DATA -

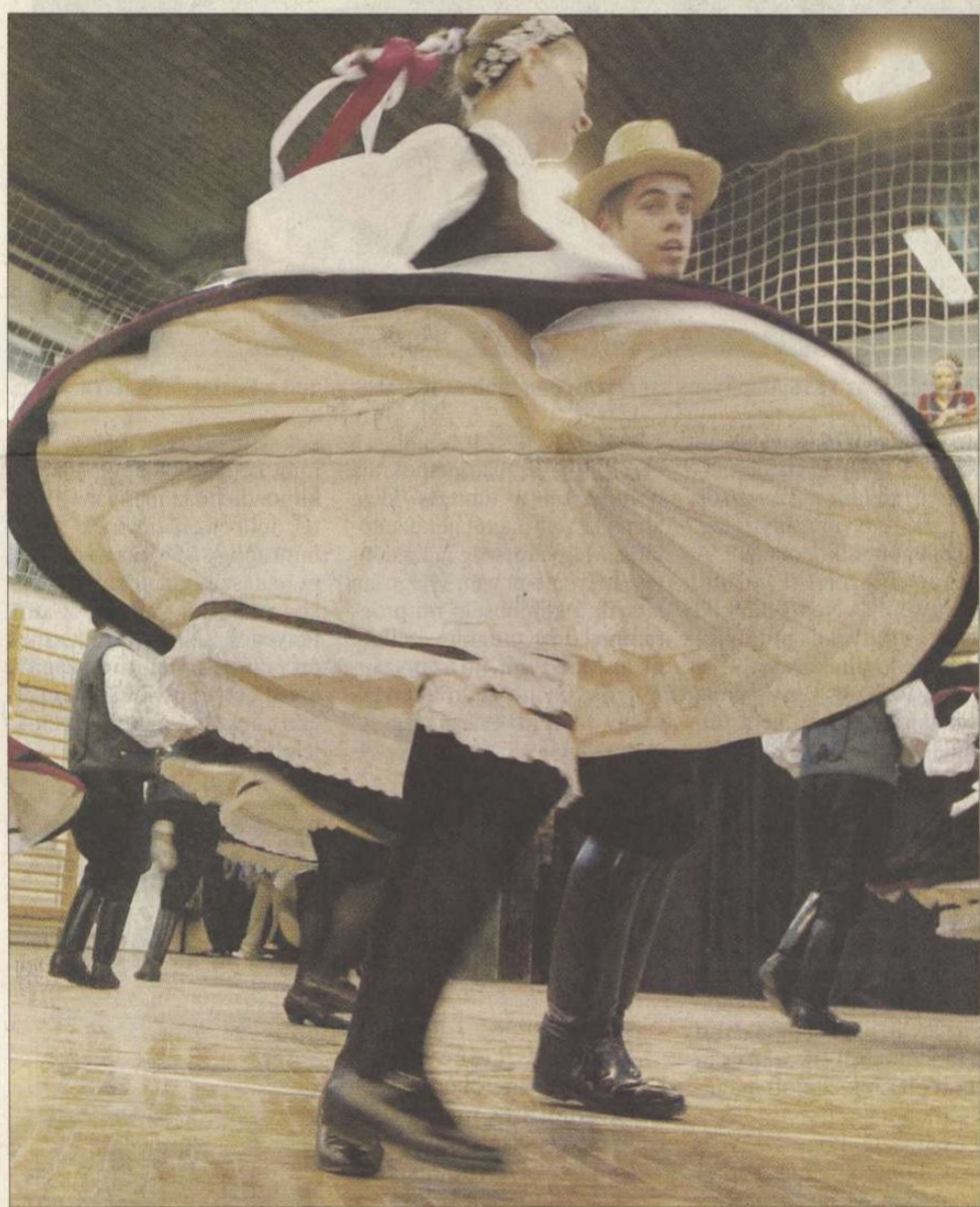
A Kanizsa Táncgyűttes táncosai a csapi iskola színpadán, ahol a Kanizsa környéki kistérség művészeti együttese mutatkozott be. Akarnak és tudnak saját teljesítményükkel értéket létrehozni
...
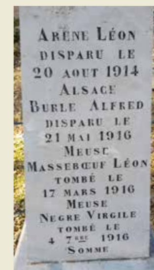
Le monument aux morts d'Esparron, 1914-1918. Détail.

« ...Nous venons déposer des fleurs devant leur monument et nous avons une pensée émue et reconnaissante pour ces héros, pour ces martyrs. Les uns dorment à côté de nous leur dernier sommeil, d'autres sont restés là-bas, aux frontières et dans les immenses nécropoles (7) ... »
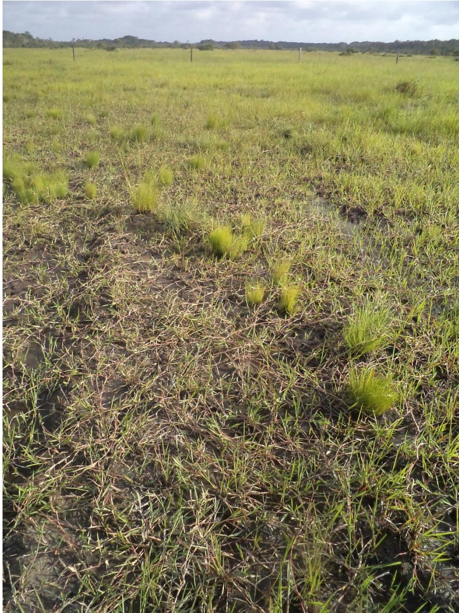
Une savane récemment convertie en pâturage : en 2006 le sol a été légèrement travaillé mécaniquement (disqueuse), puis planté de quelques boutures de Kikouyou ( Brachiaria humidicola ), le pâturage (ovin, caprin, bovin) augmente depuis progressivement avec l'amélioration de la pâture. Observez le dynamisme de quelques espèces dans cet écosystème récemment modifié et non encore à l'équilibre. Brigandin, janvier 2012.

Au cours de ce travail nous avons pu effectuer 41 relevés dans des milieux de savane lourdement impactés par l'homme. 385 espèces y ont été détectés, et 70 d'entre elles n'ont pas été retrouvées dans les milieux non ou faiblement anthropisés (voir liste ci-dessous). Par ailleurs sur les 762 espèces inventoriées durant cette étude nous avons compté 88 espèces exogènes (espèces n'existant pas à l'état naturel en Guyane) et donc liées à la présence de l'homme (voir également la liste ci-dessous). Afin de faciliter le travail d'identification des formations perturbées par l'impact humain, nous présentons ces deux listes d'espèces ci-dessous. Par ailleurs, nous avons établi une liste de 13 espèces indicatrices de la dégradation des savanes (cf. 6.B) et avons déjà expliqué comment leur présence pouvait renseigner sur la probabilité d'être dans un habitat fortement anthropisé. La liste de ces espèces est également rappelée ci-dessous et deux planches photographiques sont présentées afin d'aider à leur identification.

YOUR ASSIGNMENT - Extract, without any images, the part of the material above that opens with the line containing "venons déposer des" and closes with the line containing "Une savane récemment", both lines included.

SOLUTION TO THE EXERCISE -
« ...Nous venons déposer des fleurs devant leur monument et nous avons une pensée émue et reconnaissante pour ces héros, pour ces martyrs. Les uns dorment à côté de nous leur dernier sommeil, d'autres sont restés là-bas, aux frontières et dans les immenses nécropoles (7) ... »
Une savane récemment convertie en pâturage : en 2006 le sol a été légèrement travaillé mécaniquement (disqueuse), puis planté de quelques boutures de Kikouyou ( Brachiaria humidicola ), le pâturage (ovin, caprin, bovin) augmente depuis progressivement avec l'amélioration de la pâture. Observez le dynamisme de quelques espèces dans cet écosystème récemment modifié et non encore à l'équilibre. Brigandin, janvier 2012.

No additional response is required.